“Tudo o que eu quero” não é um dicionário, nem tão pouco um inventário. Não está organizada por ordem cronológica nem é representativa de todas as artistas mulheres que nasceram ou viveram em Portugal. Mas essa nunca foi a intenção. “Tudo o que eu quero” é uma exposição que reúne 40 artistas portuguesas de 1900 e 2020, cujas obras estão expostas no Museu Calouste Gulbenkian até ao dia 23 de agosto; depois, seguem para Tours, em França. Pensar a condição da mulher artista não é uma questão do agora, mas, com o passar do tempo e a persistência da invisibilidade histórica, torna-se urgente.
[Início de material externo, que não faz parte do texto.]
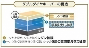 ガラスの層が、ダイヤモンドキーパーの2倍あります。ダイヤモンドキーパーのガラスの膜1枚の厚みは、約1ミクロン(普通のガラスコーティング膜の50倍程度)を越し、塗装面のツヤを損ねている微細傷や凸凹を埋めて被膜表面を厳密に平らにして”異次元のツヤ”を作り出します。また、このガラス被膜は本質的に無機質であり、酸性雨や紫外線に対しての防護能力を持っています。 ダイヤモンドキーパーは、【ガラス、レジン】の2層構造。 対して、Wダイヤモンドキーパーは、ガラス被膜だけでも2層、きちんと乾燥させながら施工します。【ガラス、ガラス、レジン】の3層構造です。 厚いガラスの層がたっぷり2倍あることで、ツヤや、防汚能力も強化された被膜を形成します。
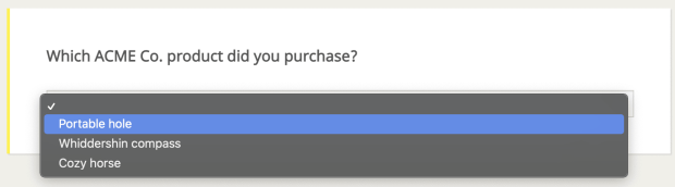 This allows one answer to be selected, with the answers shown in a dropdown list.

Inevitável. 

Ao entrar na primeira sala da exposição “Tudo o que eu quero”, na Gulbenkian, enfrentamos Aurélia de Sousa. Olha-nos como quem reclama um lugar que historicamente não lhe pertence, enquanto mulher. Como se nos dissesse “esta sou eu aos meus olhos”, contra a maré de uma História da Arte que durante séculos contemplava as mulheres apenas como representações figurativas vistas por uma lente masculina. “Menos de 4% das artistas nas secções de Arte Moderna são mulheres, mas 76% dos nus são mulheres” lê-se na obra Do women have to be naked to get into the Met. Museum? (2005), de Guerrilla Girls. A proposta de Helena de Freitas e Bruno Marchand, curadores da exposição, foi no sentido de reunir mulheres que (se) olhem, a si e ao mundo à sua volta, e que, de certa forma, dialoguem entre si. 

À porta da primeira sala, sentamo-nos com Helena de Freitas e, desde logo, perguntamos “porquê estas artistas e não outras?”. Explica-nos que a curadoria foi sendo feita em rede, e que a intenção era “construir esta exposição a partir das obras e não das artistas que fossem representativas”. “Não há nenhuma ideia de representatividade nesta exposição, nem de hierarquia, nem de importância. As artistas estão todas ao mesmo nível, sempre que possível, e as obras surgiram-nos na relação que umas têm com as outras. Portanto, a criação de diálogos entre artistas intergeracionais, para nós, foi um dado importante. Também não tentámos procurar aqui o que era feminino nem o que era português, o que nos interessou fazer foi uma afirmação de força destas mulheres artistas, que era um statement importante, mas sem trazer as artistas mais internacionais ou as mais importantes. Não estivemos a cumprir um puzzle de História da Arte, a exposição não é histórica, mas dentro destes núcleos que fomos construindo, o essencial foi tentar construir um conjunto de subtemas que dessem expressão à força e autonomia das mulheres artistas em Portugal”, explica. 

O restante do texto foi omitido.